Larger firms may struggle with striking the most profitable balance between greater local managerial discretion and effective corporate governance of a large diverse organisation with professional managers and diffuse ownership structures.

A risk of greater local managerial discretion in a large firm is less effective governance (Williamson 1975, 1985; Fama and Jensen 1983a, 1983b). The risks of separating of ownership from control and the distortions to knowledge flows in hierarchies drives the internal organisation of large firms and the division of decision control and decision management rights between the board and management (Fama and Jensen 1983a, 1983b; Williamson 1985).

The separation of decision management rights, vested in hired managers, from decision control rights, vested in the board of directors, is a common governance safeguard against conflicts of interest in business, professional and non-profit organisations, large and small (Fama and Jensen 1983a, 1983b).

Decision management rights cover the initiation and the implementation of decisions. Decision control rights involve the ratification and the monitoring of decisions. Managers and division heads carry out the production decisions, budgets and policies on wages, hours, staffing and job designs developed by head office and which are ratified by the board of directors (Fama and Jensen 1983b, 1985).

Competition between different sizes, shapes and internal organisational forms of firms all vying for sales, cheaper sources of supply and investor support sifts out the keener priced, lower cost, and more innovative enterprises (Alchian 1950; Stigler 1958). These lower-cost firms will be able to under-sell their higher cost rivals.

The winning firm size and internal organisational shape is that configuration which meets any and all problems the firm is actually facing and seizes more of the entrepreneurial opportunities that are within its grasp (Stigler 1958; Alchian 1950).

Large firms invest heavily in mimicking the nimbleness of small firms. Some firms re-create some of the advantages of being small by organising into M-form hierarchies made up of product divisions to improve performance monitoring, identify managerial slack, encourage mutual monitoring, promote competition within the firm for top-level management positions and facilitate comparisons of compliance with the policies of head office (Klein 1999; Fama and Jensen 1983a, 1983b; Williamson 1975, 1985).
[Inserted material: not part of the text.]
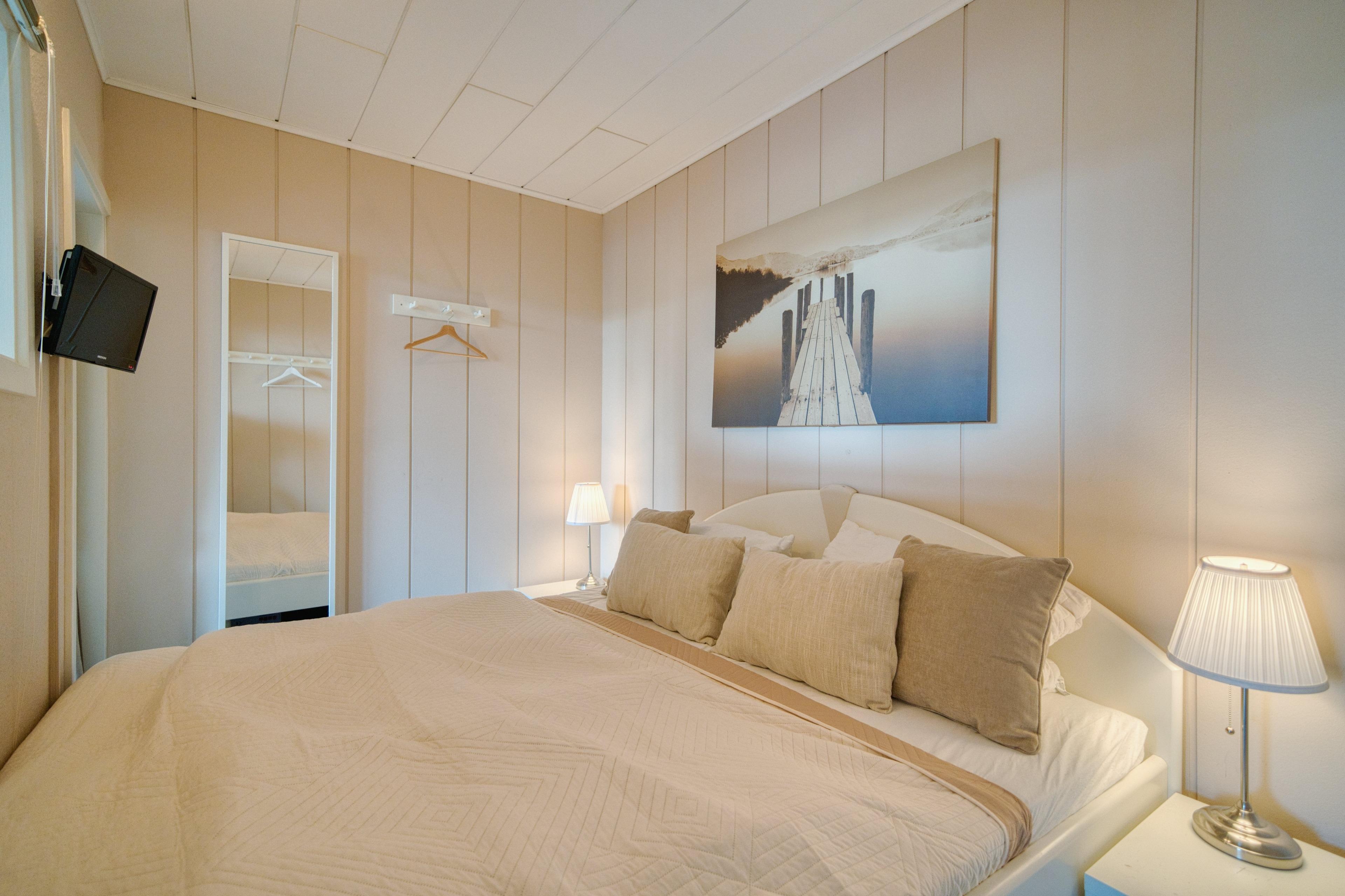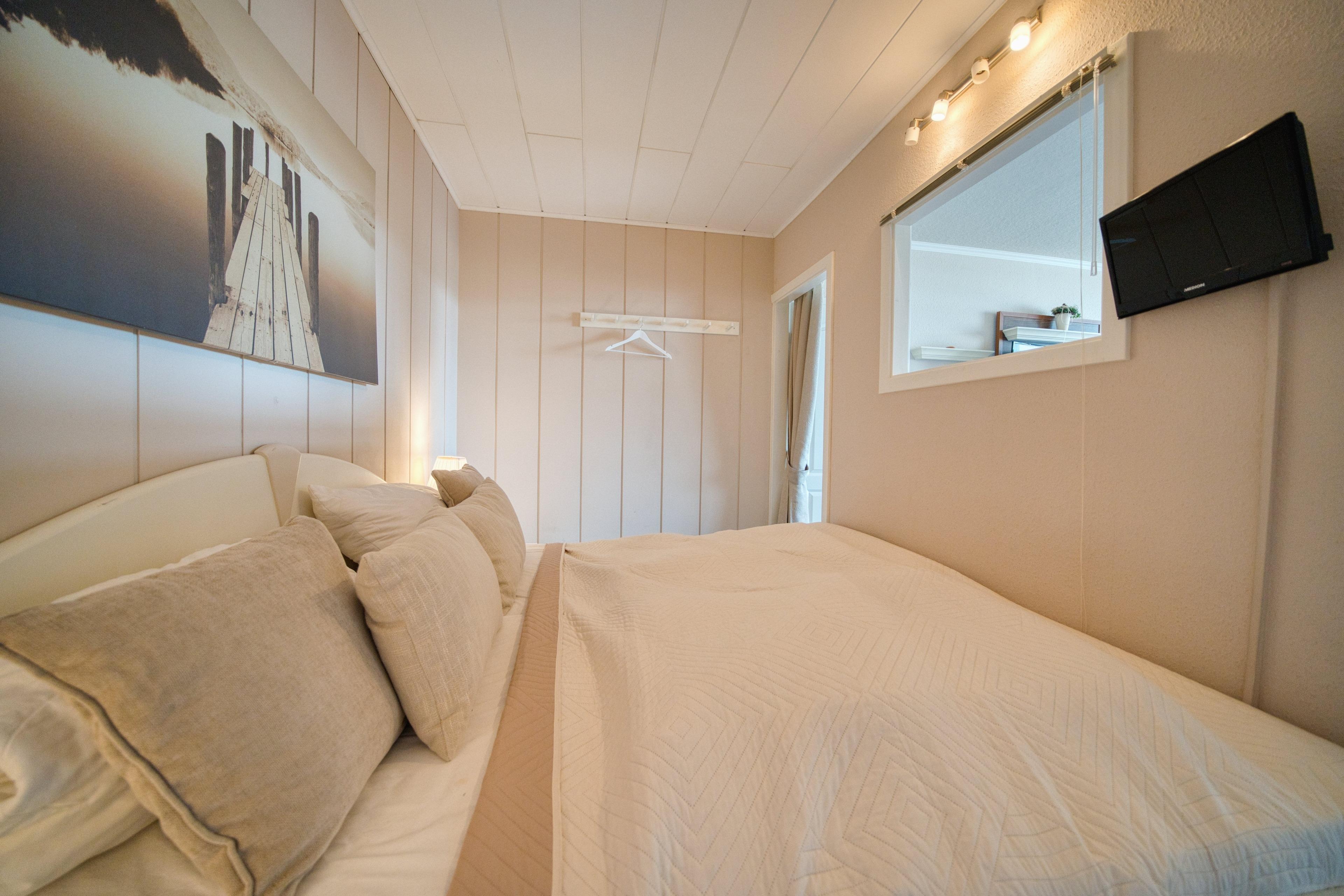 Separates Schlafzimmer mit Doppelbett, Teppichboden und zusätzlichem Fernseher (Der Schlafbereich ist noch mit Teppichboden ausgestattet)

Large firms must develop organisational architectures to assign decision rights, reward employees, and evaluate the performance of employees and business units. The aim is to empower subordinates with the requisite local knowledge with the power to act swiftly and the incentive to make good decisions. The organisational architecture of a firm encompasses the assignment of decision rights within the firm, the methods of rewarding individual employees, and the structure of the systems that evaluate the performance of individual employees and business units.

Poor cost control, budgetary excess and any lack of innovation and initiative over products designs and pricing, input mixes and wage and employment policies will reflect in relative divisional performances and overall corporate profits.

Any news of less promising current and future net cash flows will feed into share prices and into the labour market prospects of both career managers and the members of boards of directors (Manne 1965; Jensen and Meckling 1976; Fama and Jensen 1983a, 1983b; Demsetz 1983; Demsetz and Lehn 1985). To survive, managerial firms must balance delegation with more centralised control (Fama and Jensen 1983a; McKenzie and Lee 1998).

One way of balancing delegation with centralised control is simply to reorganise the firm on a regular basis as market circumstances change and entrepreneurial judgements about the future are updated. This regular reorganisation of the firm may seem fickle, but the firm must adapt or die. Firms must be efficiently fickle in their organisational forms.

Not only is whatever is, is efficient, any attempt to change whatever is, is efficient, because otherwise it wouldn’t be attempted. Of course, these reorganisations are entrepreneurial ventures that are never guaranteed success.